Ministerial directions and a 'powerful' board: Think tank's 'draft bill' sets out vision for statutory civil service

Cab sec would have responsibility for appointment and performance management of perm secs under IfG proposals
Alex Thomas unveiling the the IfG's draft bill paper. Photo: Institute for Government

By Tevye Markson

13 May 2025

The Institute for Government has published a “draft civil service bill”, setting out its vision for a civil service placed on a formal statutory footing.

The think tanks's new paper puts the IfG’s view on how to improve the management, functioning and oversight of the civil service into draft bill format.

The bill sets out the IfG take on what the responsibilities of the civil service should be and aims to improve the accountability mechanisms that apply to the civil service by setting them out in statute.

This includes giving the cabinet secretary the authority to give orders to permanent secretaries; the creation of a Civil Service Board that can appoint and dismiss the cab sec; and introducing a new type of ministerial direction for when a policy puts civil service capability under threat.

Draft bills are usually issued for consultation by government departments before being formally introduced to parliament. The IfG says its version – which aims to add to the debate on civil service capability and effectiveness – is designed to build on, and be inserted into, the Constitutional Reform and Governance Act 2010.

The 2010 act sets out in statute some of the core principles underpinning the organisation of the civil service, including the need for a civil service code that requires civil servants to act with integrity and honesty, and with objectivity and impartiality. But the IfG says it "leaves many ambiguities unresolved".
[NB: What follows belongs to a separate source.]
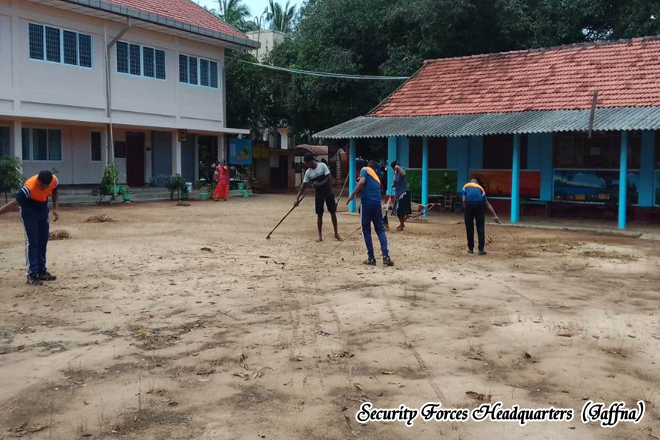 Meanwhile, the 1 Mechanized Infantry Regiment undertook a series of urgent cleanup and restoration tasks at the Kovilvayal CCTM School premises, which had been impacted by heavy rain and flooding. The troops removed accumulated wastewater, cleared garbage, and carried out roof-cleaning and well-cleaning operations to safeguard the health and safety of the schoolchildren and staff.

The IfG draft bill sets out explicitly that the civil service exists as an entity within the state and that its primary function is to serve the government by offering advice, implementing decisions, and carrying out activities assigned to it.

The bill, if it became a reality, would set out that cabinet secretary is responsible for maintaining the capability of the civil service to deliver this primary function. It would give the cab sec the power to appoint perm secs, determine their terms and conditions, evaluate their performance, direct their activity in matters relating to the capability of the civil service, and dismiss them.

It would also allow the cab sec to delegate some of their functions to a separate head of the civil service. 

The draft bill also proposes the creation of a new Civil Service Board, which would sit outside management structures and hold the cab sec to account for maintaining the capability of the civil service to fulfil its core function.

Launching the draft bill at an event yesterday, Alex Thomas, the IfG’s programme director for the civil service, said the proposed board would be “a powerful one”, defining what it means for the civil service to serve the government of the day by setting an oversight framework of its core responsibilities.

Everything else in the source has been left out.